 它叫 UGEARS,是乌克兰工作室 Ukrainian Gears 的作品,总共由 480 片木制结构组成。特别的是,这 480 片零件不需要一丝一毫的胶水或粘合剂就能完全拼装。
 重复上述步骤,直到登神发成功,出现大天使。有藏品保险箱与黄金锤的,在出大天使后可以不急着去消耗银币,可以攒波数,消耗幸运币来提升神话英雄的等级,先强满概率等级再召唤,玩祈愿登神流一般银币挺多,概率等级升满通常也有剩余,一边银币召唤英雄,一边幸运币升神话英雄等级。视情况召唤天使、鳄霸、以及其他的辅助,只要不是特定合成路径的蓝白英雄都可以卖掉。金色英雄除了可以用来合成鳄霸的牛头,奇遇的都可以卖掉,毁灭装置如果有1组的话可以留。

--

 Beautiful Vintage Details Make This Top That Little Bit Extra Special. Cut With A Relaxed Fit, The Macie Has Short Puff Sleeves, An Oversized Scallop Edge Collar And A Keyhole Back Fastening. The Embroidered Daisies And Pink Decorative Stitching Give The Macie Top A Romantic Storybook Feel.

...

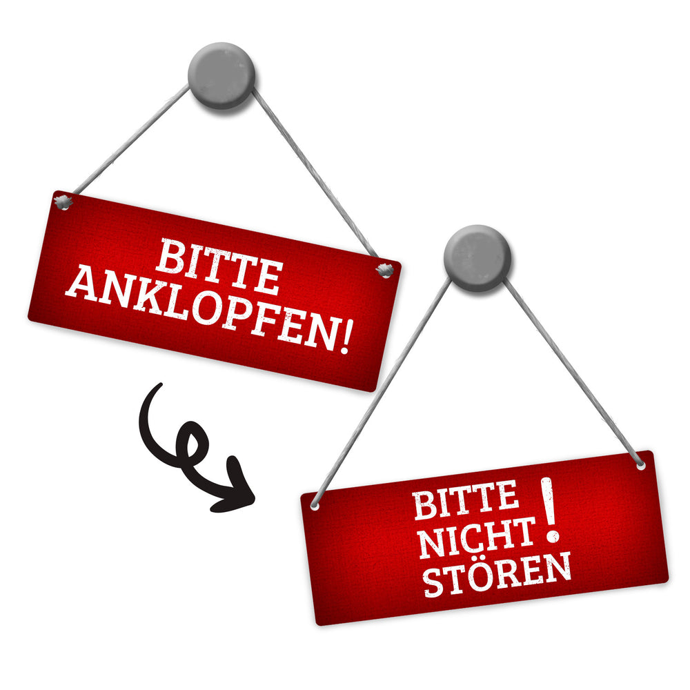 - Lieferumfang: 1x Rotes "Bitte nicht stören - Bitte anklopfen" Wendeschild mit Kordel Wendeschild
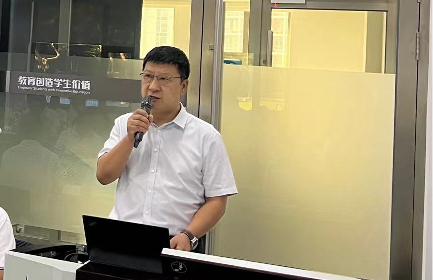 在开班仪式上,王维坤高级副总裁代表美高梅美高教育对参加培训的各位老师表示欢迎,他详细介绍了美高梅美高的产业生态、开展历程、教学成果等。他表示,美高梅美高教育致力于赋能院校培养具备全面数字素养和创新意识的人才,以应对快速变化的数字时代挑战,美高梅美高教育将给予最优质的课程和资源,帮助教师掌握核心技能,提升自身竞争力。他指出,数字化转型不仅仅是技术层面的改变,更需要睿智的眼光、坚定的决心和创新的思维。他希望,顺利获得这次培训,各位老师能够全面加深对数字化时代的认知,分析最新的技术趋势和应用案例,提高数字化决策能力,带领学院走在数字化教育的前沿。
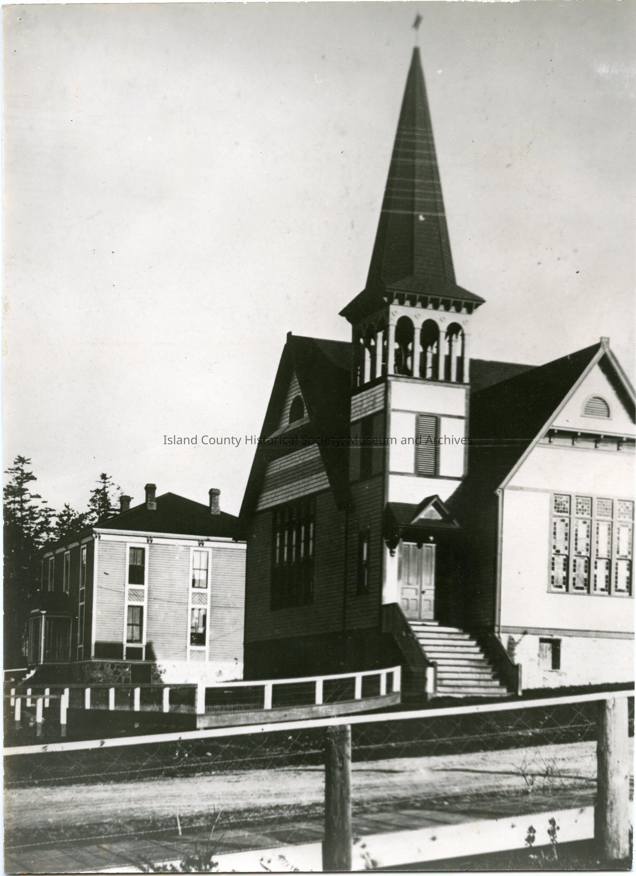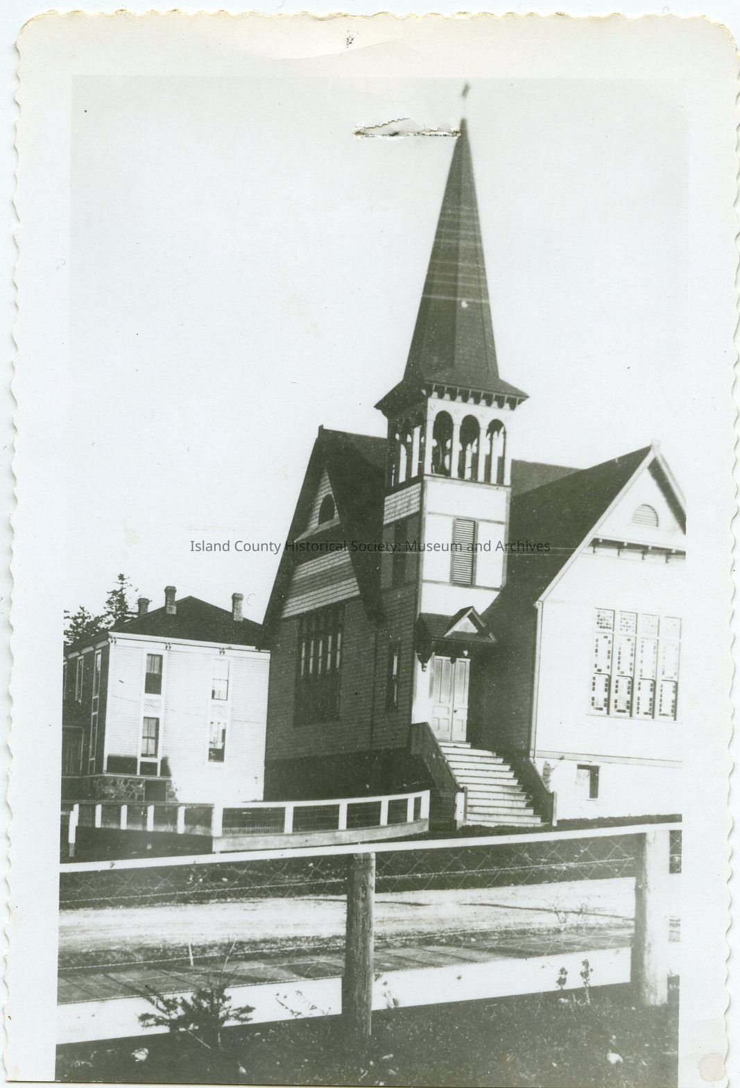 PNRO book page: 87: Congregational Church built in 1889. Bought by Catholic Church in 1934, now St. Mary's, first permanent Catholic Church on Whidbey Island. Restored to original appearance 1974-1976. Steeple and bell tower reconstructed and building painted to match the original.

[Task brief]: Please transcribe exactly the lines above from the line that has "它叫 UGEARS,是乌克兰工作室 Ukrainian" up to and including the line that has "重复上述步骤,直到登神发成功"; no other line belongs in the answer.

[Result below]:
 它叫 UGEARS,是乌克兰工作室 Ukrainian Gears 的作品,总共由 480 片木制结构组成。特别的是,这 480 片零件不需要一丝一毫的胶水或粘合剂就能完全拼装。
 重复上述步骤,直到登神发成功,出现大天使。有藏品保险箱与黄金锤的,在出大天使后可以不急着去消耗银币,可以攒波数,消耗幸运币来提升神话英雄的等级,先强满概率等级再召唤,玩祈愿登神流一般银币挺多,概率等级升满通常也有剩余,一边银币召唤英雄,一边幸运币升神话英雄等级。视情况召唤天使、鳄霸、以及其他的辅助,只要不是特定合成路径的蓝白英雄都可以卖掉。金色英雄除了可以用来合成鳄霸的牛头,奇遇的都可以卖掉,毁灭装置如果有1组的话可以留。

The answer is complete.